Data block.

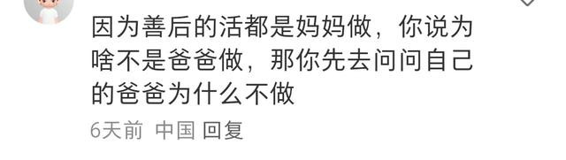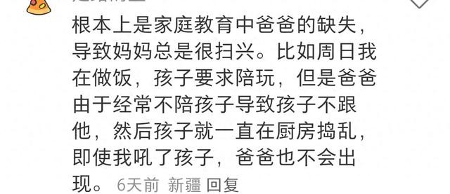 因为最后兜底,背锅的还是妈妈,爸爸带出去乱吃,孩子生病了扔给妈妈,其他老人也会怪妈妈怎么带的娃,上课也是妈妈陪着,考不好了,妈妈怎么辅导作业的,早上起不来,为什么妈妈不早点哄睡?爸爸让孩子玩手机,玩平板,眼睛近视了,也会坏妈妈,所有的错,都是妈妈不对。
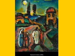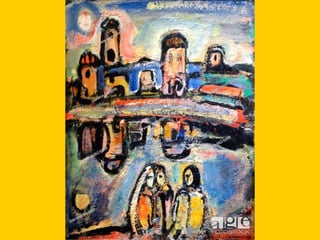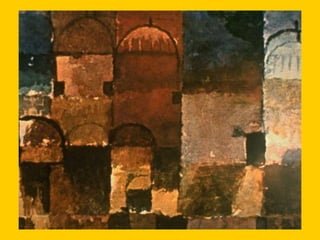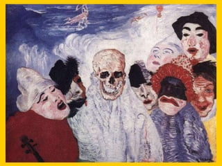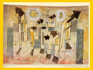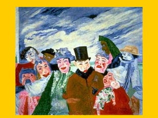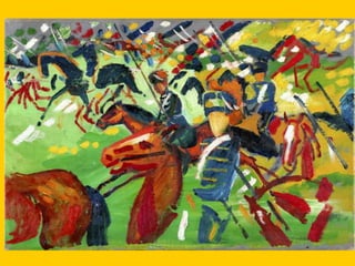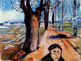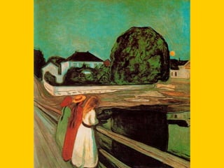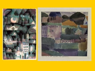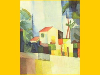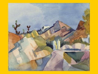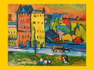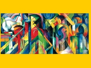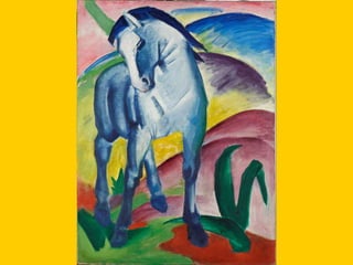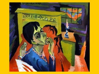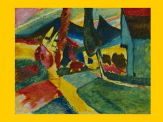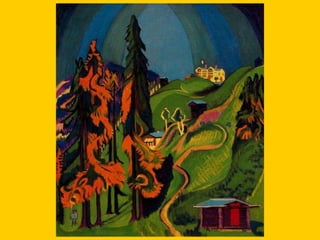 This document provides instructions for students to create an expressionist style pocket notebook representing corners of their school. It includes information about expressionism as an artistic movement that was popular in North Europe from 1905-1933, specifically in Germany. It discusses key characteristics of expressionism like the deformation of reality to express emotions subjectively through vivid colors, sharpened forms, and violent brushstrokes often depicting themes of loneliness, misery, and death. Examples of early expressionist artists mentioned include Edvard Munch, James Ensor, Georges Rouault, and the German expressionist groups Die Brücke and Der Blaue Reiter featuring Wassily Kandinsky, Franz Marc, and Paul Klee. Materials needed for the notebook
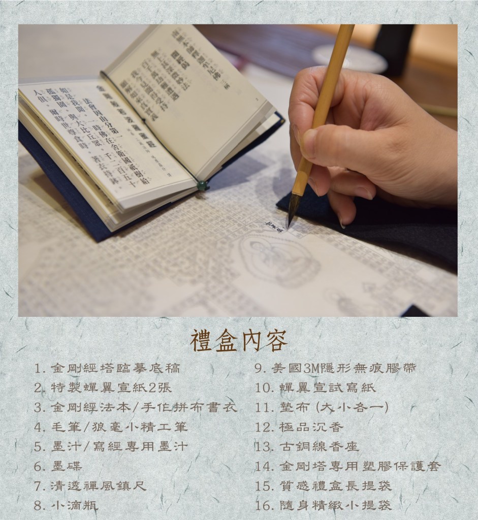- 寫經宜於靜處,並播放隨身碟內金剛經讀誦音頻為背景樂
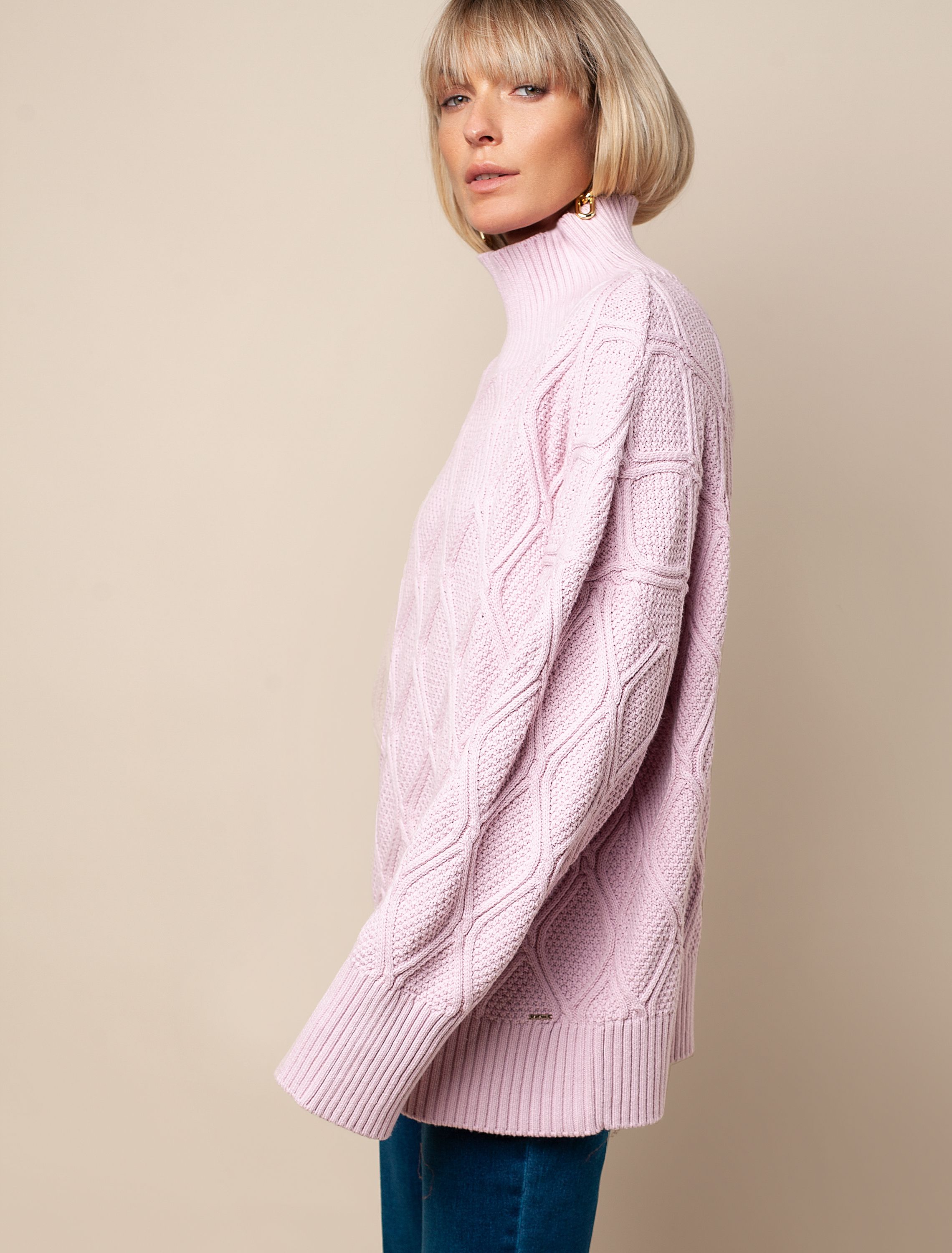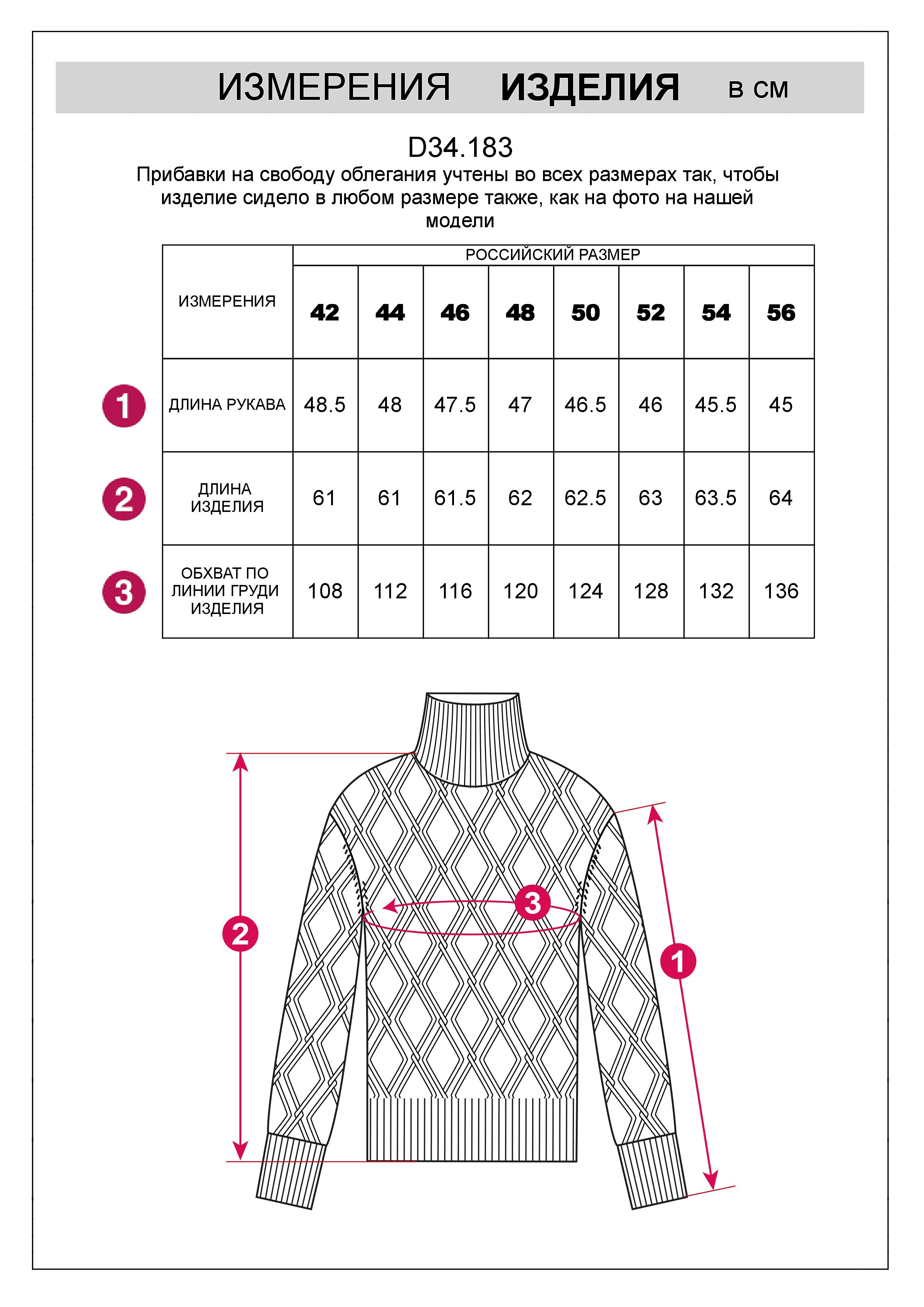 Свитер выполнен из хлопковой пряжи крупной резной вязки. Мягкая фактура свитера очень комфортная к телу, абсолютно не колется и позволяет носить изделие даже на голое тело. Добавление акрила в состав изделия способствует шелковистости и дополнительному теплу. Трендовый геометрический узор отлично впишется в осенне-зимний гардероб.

Task to carry out.
Any picture in the material is to be dropped; the rest is repeated exactly.

Response to this task.
 因为最后兜底,背锅的还是妈妈,爸爸带出去乱吃,孩子生病了扔给妈妈,其他老人也会怪妈妈怎么带的娃,上课也是妈妈陪着,考不好了,妈妈怎么辅导作业的,早上起不来,为什么妈妈不早点哄睡?爸爸让孩子玩手机,玩平板,眼睛近视了,也会坏妈妈,所有的错,都是妈妈不对。
 This document provides instructions for students to create an expressionist style pocket notebook representing corners of their school. It includes information about expressionism as an artistic movement that was popular in North Europe from 1905-1933, specifically in Germany. It discusses key characteristics of expressionism like the deformation of reality to express emotions subjectively through vivid colors, sharpened forms, and violent brushstrokes often depicting themes of loneliness, misery, and death. Examples of early expressionist artists mentioned include Edvard Munch, James Ensor, Georges Rouault, and the German expressionist groups Die Brücke and Der Blaue Reiter featuring Wassily Kandinsky, Franz Marc, and Paul Klee. Materials needed for the notebook
- 寫經宜於靜處,並播放隨身碟內金剛經讀誦音頻為背景樂
 Свитер выполнен из хлопковой пряжи крупной резной вязки. Мягкая фактура свитера очень комфортная к телу, абсолютно не колется и позволяет носить изделие даже на голое тело. Добавление акрила в состав изделия способствует шелковистости и дополнительному теплу. Трендовый геометрический узор отлично впишется в осенне-зимний гардероб.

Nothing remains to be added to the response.